Your task
Copy nothing but the lines below, from the one with "Spotted Beebalm is" through the one with "Consideramos que los", exactly as written; no pictures should appear.

Source data
——————————
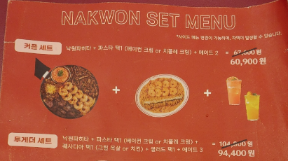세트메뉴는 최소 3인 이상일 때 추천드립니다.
——————————
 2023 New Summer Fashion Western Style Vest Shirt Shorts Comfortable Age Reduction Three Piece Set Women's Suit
——————————
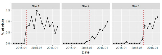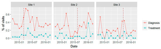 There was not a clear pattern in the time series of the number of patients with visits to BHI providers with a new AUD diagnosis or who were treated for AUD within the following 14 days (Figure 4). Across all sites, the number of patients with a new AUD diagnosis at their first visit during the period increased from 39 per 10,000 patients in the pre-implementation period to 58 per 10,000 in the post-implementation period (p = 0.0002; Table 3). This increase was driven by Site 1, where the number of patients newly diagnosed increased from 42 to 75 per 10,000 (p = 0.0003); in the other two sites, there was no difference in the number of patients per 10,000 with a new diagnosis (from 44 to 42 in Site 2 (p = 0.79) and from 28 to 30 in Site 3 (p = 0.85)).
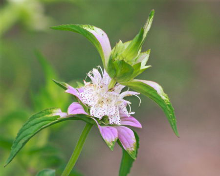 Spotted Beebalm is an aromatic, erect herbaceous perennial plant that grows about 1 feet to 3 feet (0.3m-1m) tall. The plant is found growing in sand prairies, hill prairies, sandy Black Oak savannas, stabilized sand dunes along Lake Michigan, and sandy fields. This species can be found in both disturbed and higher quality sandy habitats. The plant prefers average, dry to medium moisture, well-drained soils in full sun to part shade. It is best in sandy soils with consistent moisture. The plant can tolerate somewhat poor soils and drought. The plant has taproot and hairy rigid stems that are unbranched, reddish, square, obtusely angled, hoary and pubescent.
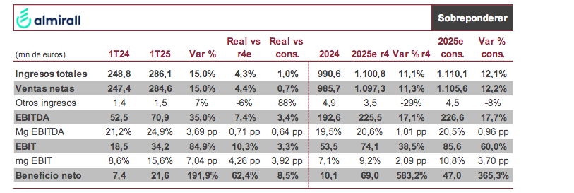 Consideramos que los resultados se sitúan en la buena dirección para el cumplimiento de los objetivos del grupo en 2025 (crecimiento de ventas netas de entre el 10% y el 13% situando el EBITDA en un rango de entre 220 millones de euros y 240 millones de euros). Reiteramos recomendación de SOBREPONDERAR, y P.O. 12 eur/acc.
——————————
Answer section
 Spotted Beebalm is an aromatic, erect herbaceous perennial plant that grows about 1 feet to 3 feet (0.3m-1m) tall. The plant is found growing in sand prairies, hill prairies, sandy Black Oak savannas, stabilized sand dunes along Lake Michigan, and sandy fields. This species can be found in both disturbed and higher quality sandy habitats. The plant prefers average, dry to medium moisture, well-drained soils in full sun to part shade. It is best in sandy soils with consistent moisture. The plant can tolerate somewhat poor soils and drought. The plant has taproot and hairy rigid stems that are unbranched, reddish, square, obtusely angled, hoary and pubescent.
 Consideramos que los resultados se sitúan en la buena dirección para el cumplimiento de los objetivos del grupo en 2025 (crecimiento de ventas netas de entre el 10% y el 13% situando el EBITDA en un rango de entre 220 millones de euros y 240 millones de euros). Reiteramos recomendación de SOBREPONDERAR, y P.O. 12 eur/acc.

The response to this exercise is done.